Peine de mort: lʼabus des droits populaires


Ouf, la Suisse est passée tout près dʼun nouveau couac politique, après lʼinitiative sur lʼinterdiction des minarets. 

PAR MARC SCHINDLER

Un comité Théodule – comme le disait le général de Gaulle – a voulu lancer une initiative populaire pour inscrire dans la Constitution fédérale la peine de mort pour les violeurs assassins. La Suisse a aboli la peine de mort en 1942, alors que la France nʼa interdit la guillotine quʼen 1981.

Lʼhomme qui a lancé lʼinitiative sʼappelle Marcel Graf. Il habite un paisible village de la campagne zurichoise et il expliqué quʼil voulait “sensibiliser la population aux dysfonctionnements de la justice dans les cas dʼassassinats à caractère sexuel”. Selon certains médias, Graf voulait se venger de lʼassassin de la soeur de sa femme, en 2009, qui nʼa pas encore été jugé. 

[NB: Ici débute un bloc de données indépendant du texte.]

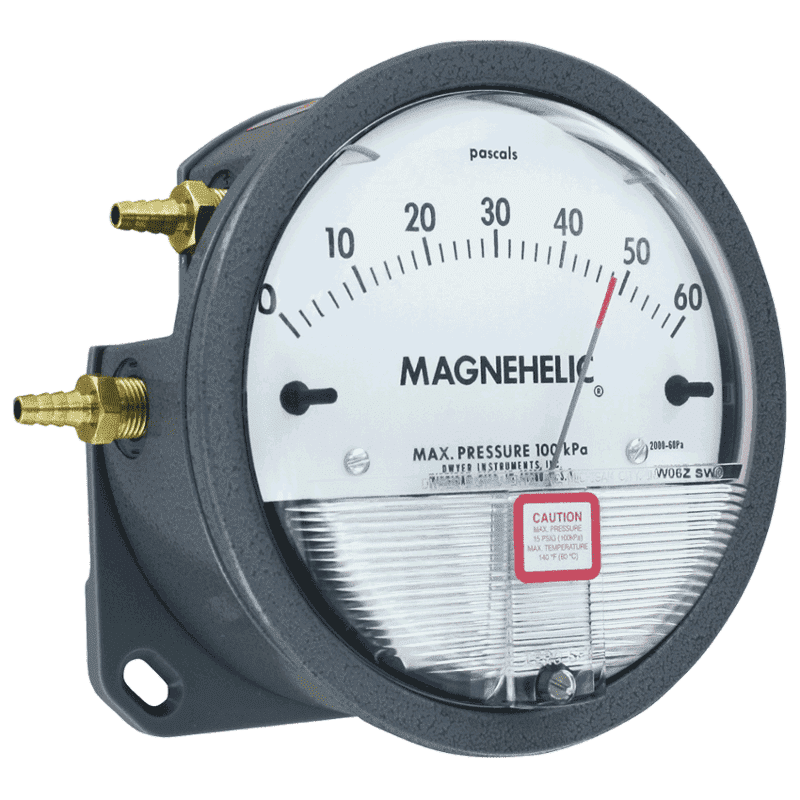 De Dwyer Magnehelic is een drukverschil manometer voor het meten van druk, onderdruk en drukverschil van lucht met een nauwkeurigheid beter dan 2%. Ideaal voor filterbewaking in ventilatiesystemen. De ingenieuze magnetische overbrenging maakt de manometer schok- en trillingsbestendig. De Magnehelic serie 2000 wordt standaard geleverd met bevestigingsmateriaal en slangpilaren.

Evidemment, lʼinitiative a soulevé en Suisse un véritable tollé, de la gauche à la droite. Seule lʼUDC, la droite conservatrice et xénophobe, a trouvé intéressante lʼidée de “laisser le peuple se pencher sur la question de la réintroduction de la peine de mort.” Quelques jours après son lancement, les initiants ont retiré leur initiative, en prétextant quʼils nʼavaient pas les moyens de réunir les 100 000  signatures requises. Un beau coup de pub pour leurs idées. Il faut lire certains commentaires haineux justifiant la peine de mort pour les violeurs assassins sur le site Facebook des initiants pour comprendre que lʼon nʼouvre pas impunément la boîte de Pandore. 

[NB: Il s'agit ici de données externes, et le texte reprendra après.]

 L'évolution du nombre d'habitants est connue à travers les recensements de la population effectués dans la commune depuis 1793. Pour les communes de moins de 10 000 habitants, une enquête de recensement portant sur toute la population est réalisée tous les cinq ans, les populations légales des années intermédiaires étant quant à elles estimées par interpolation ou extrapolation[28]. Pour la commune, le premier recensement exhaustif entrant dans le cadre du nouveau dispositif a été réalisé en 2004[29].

Le plus incroyable, dans cette affaire, cʼest que la Chancellerie fédérale a donné son feu vert à la récolte des signatures, en estimant que, juridiquement, le texte était valable.

Valable, un texte qui est contraire à la Convention des droits de lʼhomme signée par la Suisse ? Qui mettrait la Suisse au ban des nations civilisées ? Et qui, en plus, ne pourrait certainement pas être appliqué, comme lʼinitiative anti-minarets ou lʼinitiative sur l’imprescriptibilité des crimes à caractère sexuel, toutes deux figurant dans la Constitution fédérale.

On touche là aux limites des droits populaires. Ce sont des fonctionnaires qui sont juges de la validité dʼun initiative populaire, pour éviter toute pression politique. Mais ils décident en fonction de critères formels. La Constitution fédérale est claire : “Lorsqu’une initiative populaire ne respecte pas le principe de l’unité de la forme, celui de l’unité de la matière ou les règles impératives du droit international, l’Assemblée fédérale la déclare totalement ou partiellement nulle. Sont considérées comme règles impératives du droit international les règles interdisant la guerre d’agression, la torture, le génocide et l’esclavage. “Le problème, cʼest que ces règles sʼappliquent aux parlementaires chargés de soumettre le texte aux électeurs, après la récolte des signatures. La Constitution ne dit rien de lʼapprobation avant la récolte des signatures. 

Pour un sujet aussi passionnel que la peine de mort, comme pour lʼinterdiction des minarets, ce formalisme juridique ouvre la porte à tous les abus. Plusieurs parlementaires fédéraux estiment que, en cas de doute sur la validité dʼune initiative, ce sont des juges et non des fonctionnaires qui doivent autoriser la récolte des 100.000 signatures nécessaires. Quand les signatures sont réunies, cʼest le Parlement qui décide de valider ou non le texte. Mais le problème devient hautement politique. Des juristes subtils, comme le professeur Flückiger, de lʼUniversité de Genève, explique que «selon la Constitution fédérale, on ne peut pas soumettre un texte qui va à lʼencontre du droit international impératif.» Mais la peine de mort, encore appliquée aux Etats-Unis et en Chine, ne figure pas dans cet impératif. Un vrai casse-tête juridique et un sac de noeuds politique.